• MATERIAL FOR THIS EXERCISE
###

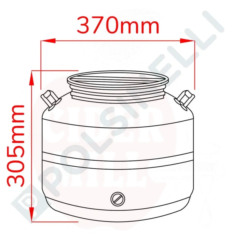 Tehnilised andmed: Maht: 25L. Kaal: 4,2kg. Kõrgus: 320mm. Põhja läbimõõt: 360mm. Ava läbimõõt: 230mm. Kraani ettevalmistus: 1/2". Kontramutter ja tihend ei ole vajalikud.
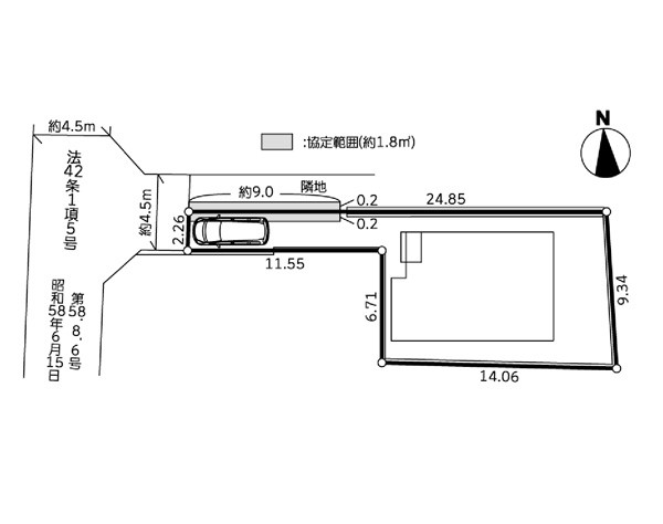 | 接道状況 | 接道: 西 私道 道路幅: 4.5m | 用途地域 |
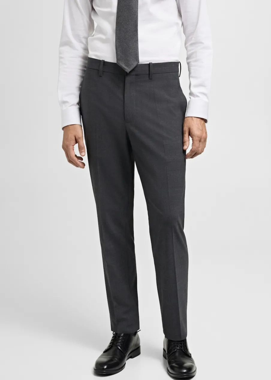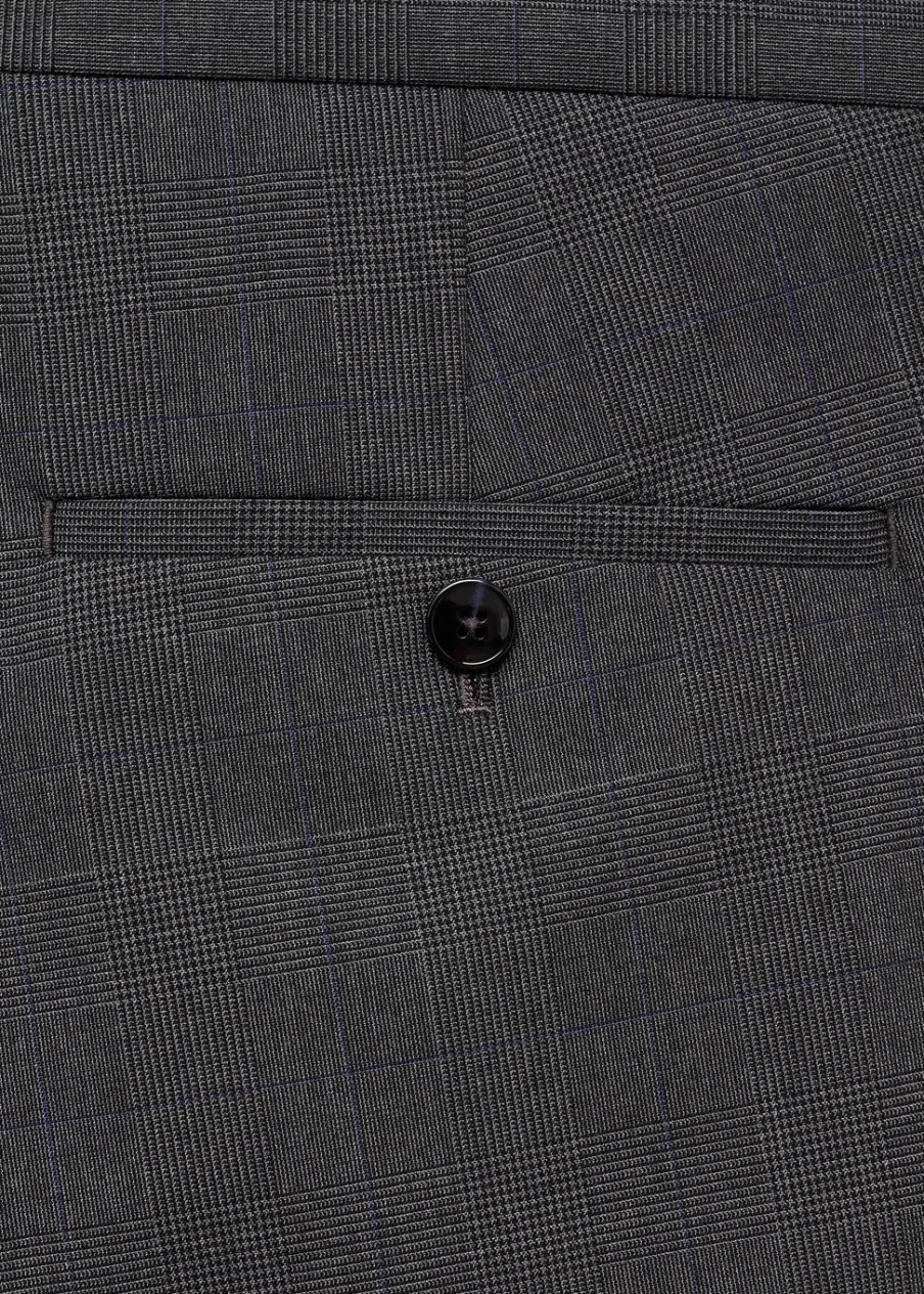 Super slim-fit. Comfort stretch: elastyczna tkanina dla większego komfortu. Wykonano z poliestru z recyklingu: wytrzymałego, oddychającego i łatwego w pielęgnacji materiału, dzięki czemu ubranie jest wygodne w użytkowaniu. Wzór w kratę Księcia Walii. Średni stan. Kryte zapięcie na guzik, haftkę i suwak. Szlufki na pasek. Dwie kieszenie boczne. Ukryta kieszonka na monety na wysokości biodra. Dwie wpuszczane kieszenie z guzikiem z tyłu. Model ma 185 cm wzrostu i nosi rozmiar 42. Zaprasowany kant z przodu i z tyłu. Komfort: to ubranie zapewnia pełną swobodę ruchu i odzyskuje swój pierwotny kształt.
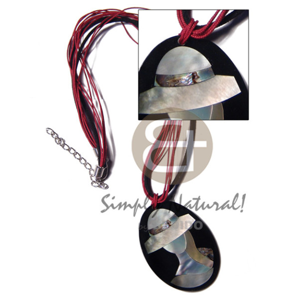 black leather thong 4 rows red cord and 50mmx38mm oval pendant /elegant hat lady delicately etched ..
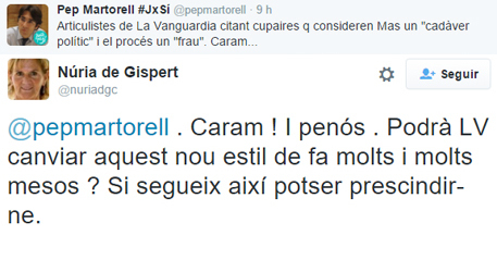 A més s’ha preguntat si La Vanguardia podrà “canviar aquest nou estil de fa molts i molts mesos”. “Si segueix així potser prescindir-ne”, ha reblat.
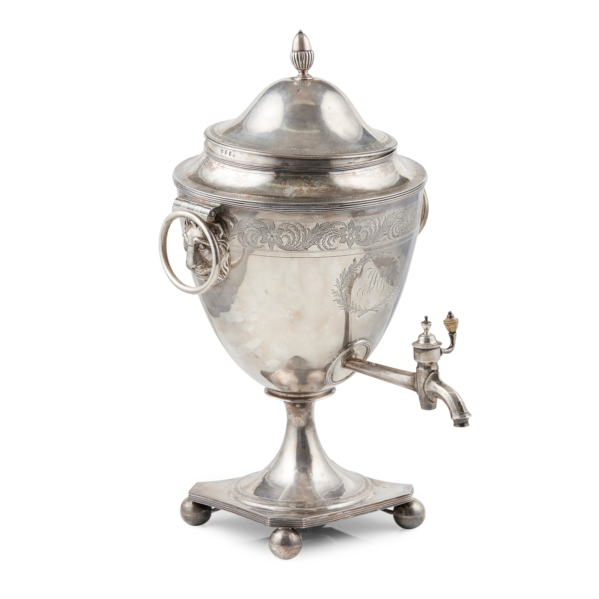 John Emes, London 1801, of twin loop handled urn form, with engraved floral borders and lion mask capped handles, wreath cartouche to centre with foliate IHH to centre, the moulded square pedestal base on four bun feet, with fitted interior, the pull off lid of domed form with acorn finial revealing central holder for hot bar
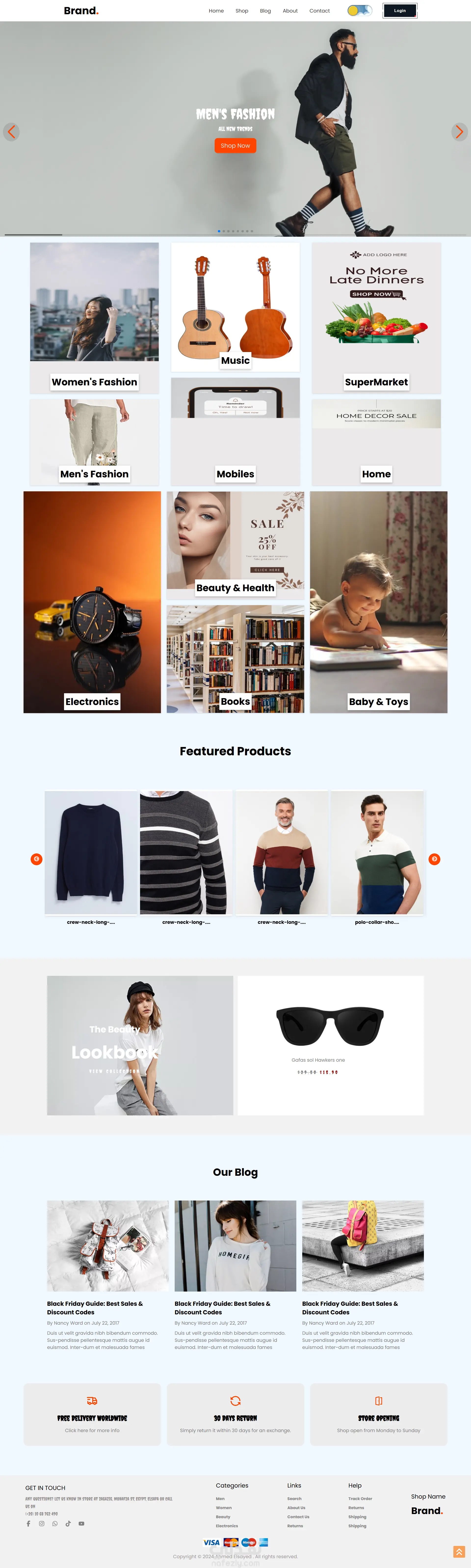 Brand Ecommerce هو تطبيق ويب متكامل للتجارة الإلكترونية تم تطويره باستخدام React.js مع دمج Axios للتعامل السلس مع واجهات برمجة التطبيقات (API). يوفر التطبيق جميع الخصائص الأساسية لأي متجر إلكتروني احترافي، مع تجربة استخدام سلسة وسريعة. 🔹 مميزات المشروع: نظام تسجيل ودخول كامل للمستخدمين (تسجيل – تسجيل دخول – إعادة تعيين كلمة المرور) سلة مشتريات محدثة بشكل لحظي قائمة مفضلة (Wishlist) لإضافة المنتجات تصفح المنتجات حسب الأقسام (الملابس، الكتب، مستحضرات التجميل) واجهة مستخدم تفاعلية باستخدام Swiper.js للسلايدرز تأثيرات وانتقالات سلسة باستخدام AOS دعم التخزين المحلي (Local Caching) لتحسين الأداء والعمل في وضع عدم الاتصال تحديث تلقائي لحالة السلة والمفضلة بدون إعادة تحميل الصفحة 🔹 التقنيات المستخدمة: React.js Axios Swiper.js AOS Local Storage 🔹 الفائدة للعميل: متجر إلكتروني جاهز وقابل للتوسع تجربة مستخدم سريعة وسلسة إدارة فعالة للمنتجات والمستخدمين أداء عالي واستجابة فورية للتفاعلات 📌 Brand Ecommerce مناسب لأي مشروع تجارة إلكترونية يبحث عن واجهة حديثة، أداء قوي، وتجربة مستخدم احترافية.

###

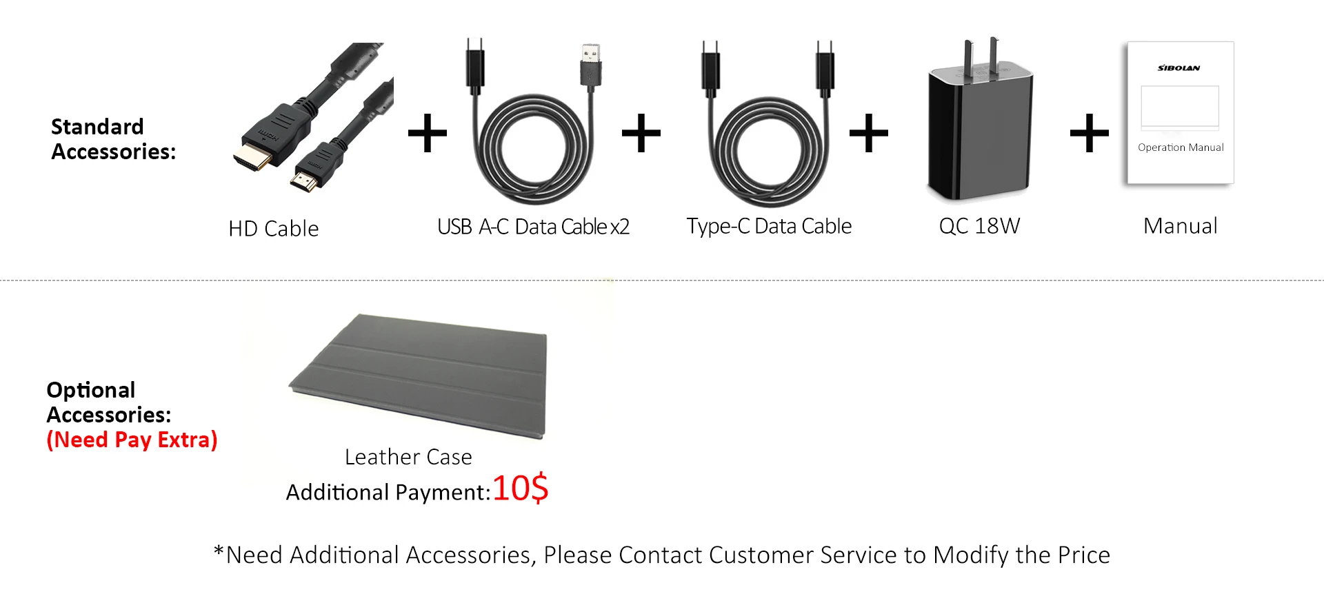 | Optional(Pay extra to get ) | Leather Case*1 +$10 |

###

Copy out exactly the material that runs from the line with "black leather thong" to the line with "Brand Ecommerce هو", ends included, and leave the pictures behind.

 black leather thong 4 rows red cord and 50mmx38mm oval pendant /elegant hat lady delicately etched ..
 A més s’ha preguntat si La Vanguardia podrà “canviar aquest nou estil de fa molts i molts mesos”. “Si segueix així potser prescindir-ne”, ha reblat.
 John Emes, London 1801, of twin loop handled urn form, with engraved floral borders and lion mask capped handles, wreath cartouche to centre with foliate IHH to centre, the moulded square pedestal base on four bun feet, with fitted interior, the pull off lid of domed form with acorn finial revealing central holder for hot bar
 Brand Ecommerce هو تطبيق ويب متكامل للتجارة الإلكترونية تم تطويره باستخدام React.js مع دمج Axios للتعامل السلس مع واجهات برمجة التطبيقات (API). يوفر التطبيق جميع الخصائص الأساسية لأي متجر إلكتروني احترافي، مع تجربة استخدام سلسة وسريعة. 🔹 مميزات المشروع: نظام تسجيل ودخول كامل للمستخدمين (تسجيل – تسجيل دخول – إعادة تعيين كلمة المرور) سلة مشتريات محدثة بشكل لحظي قائمة مفضلة (Wishlist) لإضافة المنتجات تصفح المنتجات حسب الأقسام (الملابس، الكتب، مستحضرات التجميل) واجهة مستخدم تفاعلية باستخدام Swiper.js للسلايدرز تأثيرات وانتقالات سلسة باستخدام AOS دعم التخزين المحلي (Local Caching) لتحسين الأداء والعمل في وضع عدم الاتصال تحديث تلقائي لحالة السلة والمفضلة بدون إعادة تحميل الصفحة 🔹 التقنيات المستخدمة: React.js Axios Swiper.js AOS Local Storage 🔹 الفائدة للعميل: متجر إلكتروني جاهز وقابل للتوسع تجربة مستخدم سريعة وسلسة إدارة فعالة للمنتجات والمستخدمين أداء عالي واستجابة فورية للتفاعلات 📌 Brand Ecommerce مناسب لأي مشروع تجارة إلكترونية يبحث عن واجهة حديثة، أداء قوي، وتجربة مستخدم احترافية.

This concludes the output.